Intra-patch variability is one of the major unresolved issues with CPA, especially as its results in possibly the most marked difference between gameplay and CPA simulations - in game you never interact with the ‘average’ environment, you either seek out or avoid high/low concentrations of a particular environmental variable (EV) (whether that be light/heat/acidity, or a particular compound). Averaging out the impact of variable concentrations on CPA would work if the position of individual organisms was uniformly random, and the distribution of each EV underlying the spatial positions of members of a population also uniform (or normal) random. The problem is two-fold, 1: as above individuals react to these EV’s, either seeking out or avoiding them, so that the relationship between the population and each EV is not independant, 2: likewise, EV’s aren’t independant, it’s likely to be warmer where it’s lighter, oxygen concentrations will be higher where theres light, CO2 concentrations are likely to be higher where oxygen concentrations are lower, and some EV’s will have concentrations dependent on two or more other EV’s, or not simply proportional (e.g.: a compound which is rapidly produced from two others, by process bacteria, would be most concentrated on the interface between a high concentration area of the two compounds, but would prevent those compounds from ever being in high concnetrations together). Because of this, we cannot simply average according to overall concentration, or by trying to calculate the proportion time spent, by what proportion of the population, in high and low concentrations of each compound, because those times aren’t independant.
Example:
If 50% of a patch is high in O2, and 50% of that patch is high in glucose, time averaging would suggest your spending 25% unable to respire (o2 + glucose -> co2 + water) because you have access to neither, 25% with o2 but no glucose, 25% with glucose but no o2, and only 25% with both available. Most likely, o2 and glucose concentrations will be related, as they come primarily from the same source (photosynthesisers), and you’d end up with roughly 50% of the patch suitable for respiration. Moreover, that population, if it is an obligate aerobe, will spend as much time as physically possible in that area, leading both to an association between that species presence and those conditions (which would affect other species’ interactions with it, e.g.: largely preventing predation of/by an obligate anaerobe), and a nearly 100% time spent able to respire, even though the average methods suggests it’d be 25%.
Something similar happens when 10% of a desert is oases, where there is a discrete association between several EV’s, species, etc. In that case this could very easily be handled with separate patches, but there will be many more fuzzy/continuous examples where splitting into patches isn’t an option, and a solution to the latter would also potentially solve the former.
The question then is whether we can deal with this? There’s no chance of mapping out all these relationships beforehand, especially as many of them will be changed by the species present. I can see ways of detecting/calculating many of them, but the amount of complexity this would add to CPA is a little intimidating. It does have one important benefit though - it would take a lot of input from species’ behaviour, what they avoid, what they seek out, where they like to rest/eat/congregate, what conditions they find acceptable for hunting, to some extent even whether the extend to which they behave as a herd. That information is something we’ve previously had difficulty fitting into CPA, and that would create another disconnect between gameplay and simulation.
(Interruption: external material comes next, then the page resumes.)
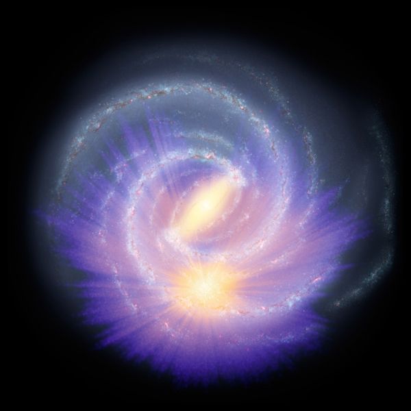 Image: This colour chart, superimposed on an artistic representation of the galaxy, shows the distribution of 150 million stars in the Milky Way probed using data from the second release of ESA’s Gaia mission in combination with infrared and optical surveys, with orange/yellow hues indicating greater density of stars. Most of these stars are red giants. While the majority of charted stars are located closer to the Sun (the larger orange/yellow blob in the lower part of the image), a large and elongated feature populated by many stars is also visible in the central region of the galaxy: this is the first geometric indication of the galactic bar. Credit: ESA/Gaia/DPAC, A. Khalatyan (AIP) & StarHorse Team; mapa artístic de la Galaxia: NASA/JPL-Caltech/R. Hurt (SSC/Caltech)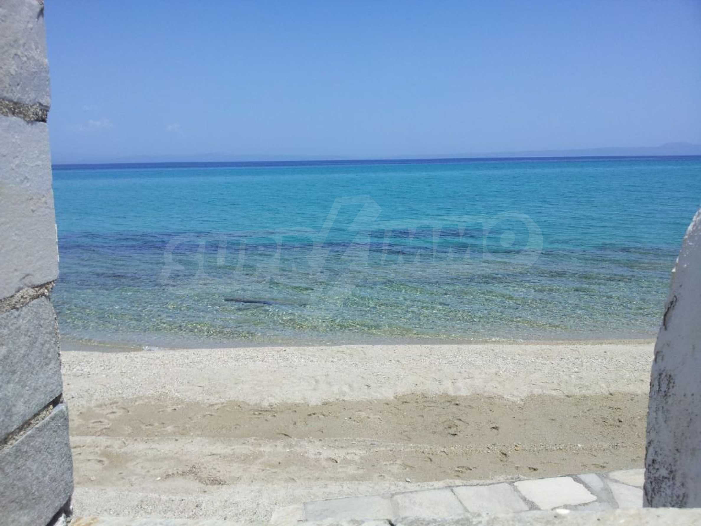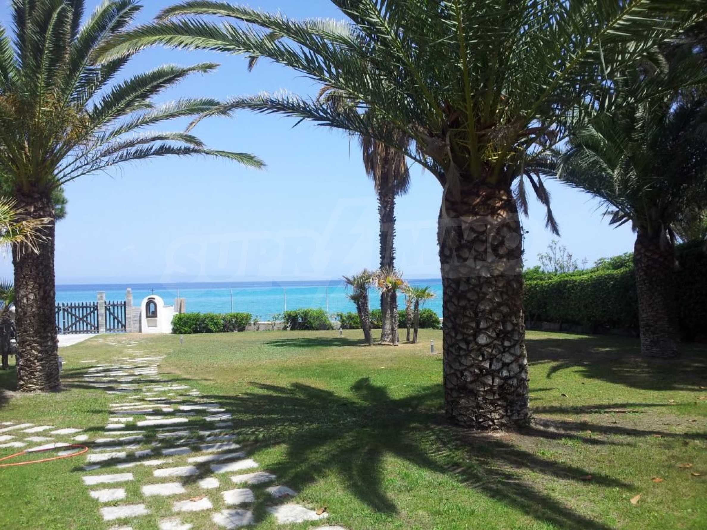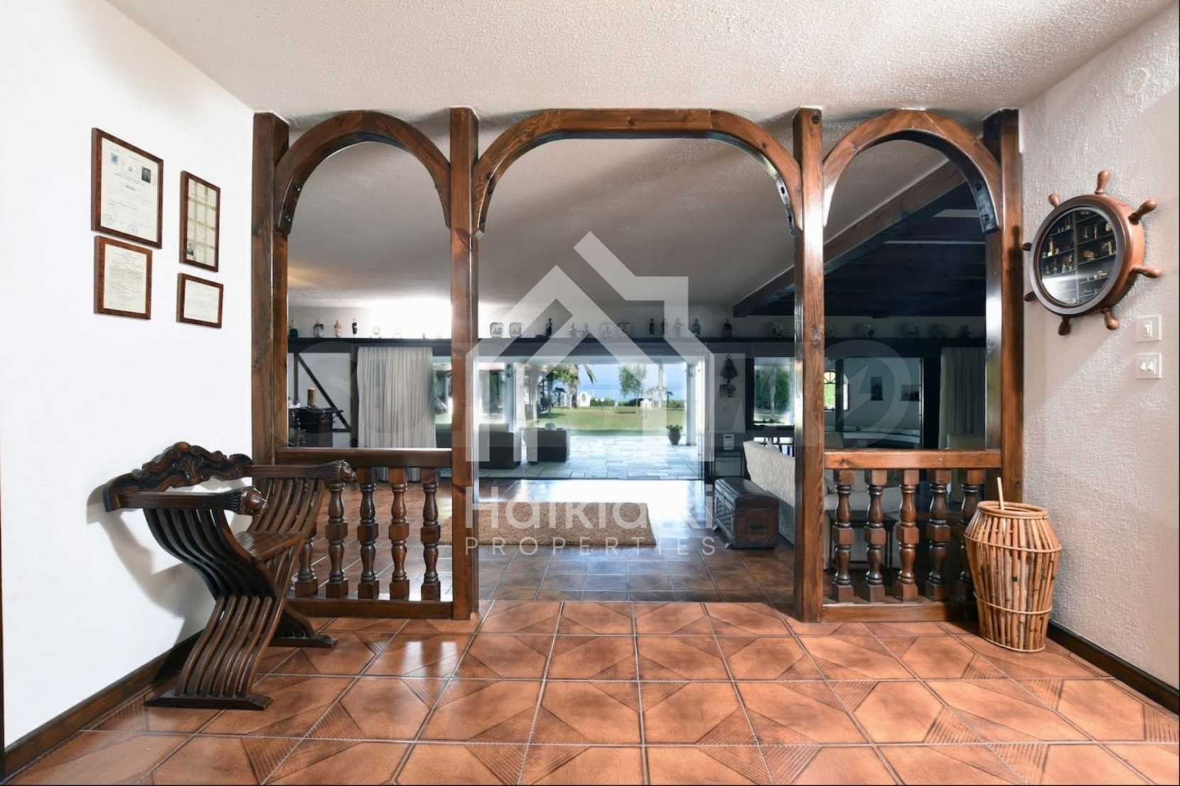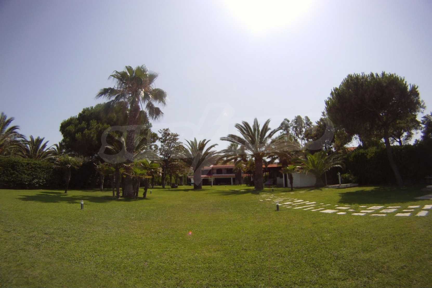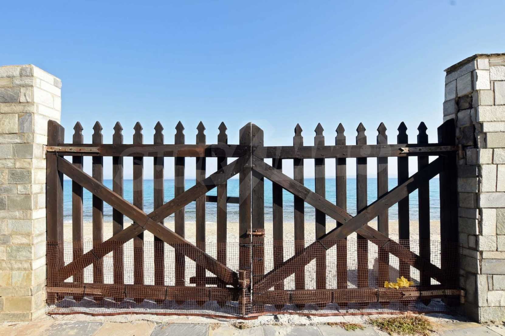 Villa in Kassandra, Halkidiki, 400 sqm, on the first line in a heavenly beach, surrounded by 2.5 acres of garden. The villa has five bedrooms and four bathrooms. The carefully landscaped garden has outdoors kitchen and living room with barbeque, as well as two parking spots. It is a unique house of great aesthetics and architecture, compining harmonically materials such as wood and stone.

Finally, the predation equations. We’ve been procrastinating on these for nearly two years (since the original population dynamics thread on the old forums), at first because a lot of detail is needed to make them work in an interesting way, and a lot of work to keep everything balanced, more recently because of the decision to slave gameplay to CPA, and the resulting need to have the feedback into gameplay be both meaningful (i.e.: fun) and consistent/intuitive (i.e.: if you identify a weakness in gameplay, it should be relatively easy to pick a mutation that will help). Note that the above applies to all of the population dynamics equations, not just predation, but most of the others (e.g: compound absorbtion, excretion, basic metabolism, reproduction, mortality) are conceptually simpler because they only take into account a single species and its environment.

…at this point I’ve run out of time to write much more. Reading this thread, and writing the above, has made me realise just how much more work is needed before we can even write the CPA system implementation, I had thought that most of what needed to be done was fleshing out the data: what compounds will we have, what organelles, what processes, what kind of mutations/adaptations, what kind of inter-species interactions, etc. I’ll try to read up and reply on the other relevant threads on this forum, and perhaps start hashing out some predation equations in a new thread soon.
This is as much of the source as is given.